There is a dilapidated greenhouse at the bottom left of Mrs Isobel Easter’s garden, its white paint blistered and miscoloured, and its glass where not broken stained with residual chlorophyll and the archaeological spatter of rain. It is narrow, with slatted benches on two sides and a raised brick bed on the third; the fourth is mostly the door. It is littered with broken potsherds, dead yellow stalks of old tomatoes, torn and empty seed packets, gutted plastic remains of compost bags, dried out bottles of tomato feed, rooting compounds and powders leeched to dust; and it is home to large spiders.

This, I decide, is where I will take my stand against rootlessness. At the heart of Mrs Isobel Easter’s garden of amor infiniti, horror vacui, I will build a small hidden generator of plants. I will drive back the spiders, brush down the surfaces, repair the frame, and start to investigate propagation, from seed, from cutting, from rootstock. I will make small experiments. And between this place, the two gardens I work on, and my allotment, I will establish, not a rational city, but a daily economy of empirical enquiry.



1 ‘I think the carrot infinitely more fascinating than the geranium. The carrot has mystery. Flowers are essentially tarts. Prostitutes for the bees.’ Bruce Robinson, Withnail and I

2 after Baxandall’s discussion of Landino in Painting and Experience in Fifteenth Century Italy p.122 and 131: ‘To Landino, Filippo Lippi and Fra Angelico’s paintings were ornato, where Masaccio was without ornato [i.e puro] because he pursued other values.
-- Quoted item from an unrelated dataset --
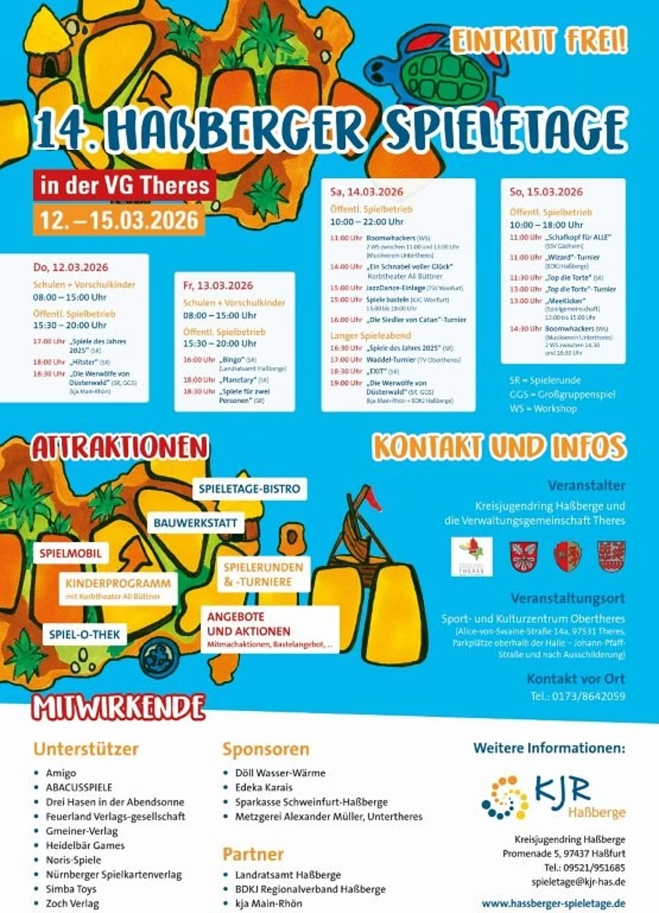 Vom 12. bis 15.03.2026 finden die Haßberger Spieletage in Obertheres im Sport- und Kulturzentrum Theres statt – ein familienfreundliches Großereignis mit überregionaler Strahlkraft. An mehreren Tagen werden Besucherinnen und Besucher aus dem ganzen Landkreis erwartet, um gemeinsam zu spielen, Neues zu entdecken und unsere Gemeinschaft zu erleben. Es werden auch Vereine der Gemeinden Gädheim, Wonfurt und Theres als Veranstalter zu finden sein.

That is to say, Lippi and Angelico were piquant, polished, rich, lively, charming and finished, whereas Masaccio sacrificed these virtues for clear and correct imitation of the real.’

3 ’The system indicates the plants, even those it has not mentioned; which is something that the enumeration of a catalogue can never do.’ Linnaeus Philosophie Botanique sect. 156

4 4 in Painting and Experience in Fifteenth Century Italy, 1972

5 “The relationship between the minute precision of the work and the proportions of the sculptural or intellectual whole demonstrates that truth content is only to be grasped through immersion in the most minute details of subject matter.” Walter Benjamin The Origins of German Tragic Drama 1928. I get all my information about the flowers in the Primavera from a review by Charles Dempsey in the Renaissance Quarterly ( Vol. 37, No. 1 (Spring, 1984), pp. 98-102) of Mirella Levi D’Ancona’s Botticelli’s Primavera: A Botanical Interpretation Including Astrology, Alchemy and the Medici (1983). I’m amazed I found the reference after all this time, and it’s just as well I did: personally, I can’t tell one flower from another, unless it’s maybe a daisy or a dandelion.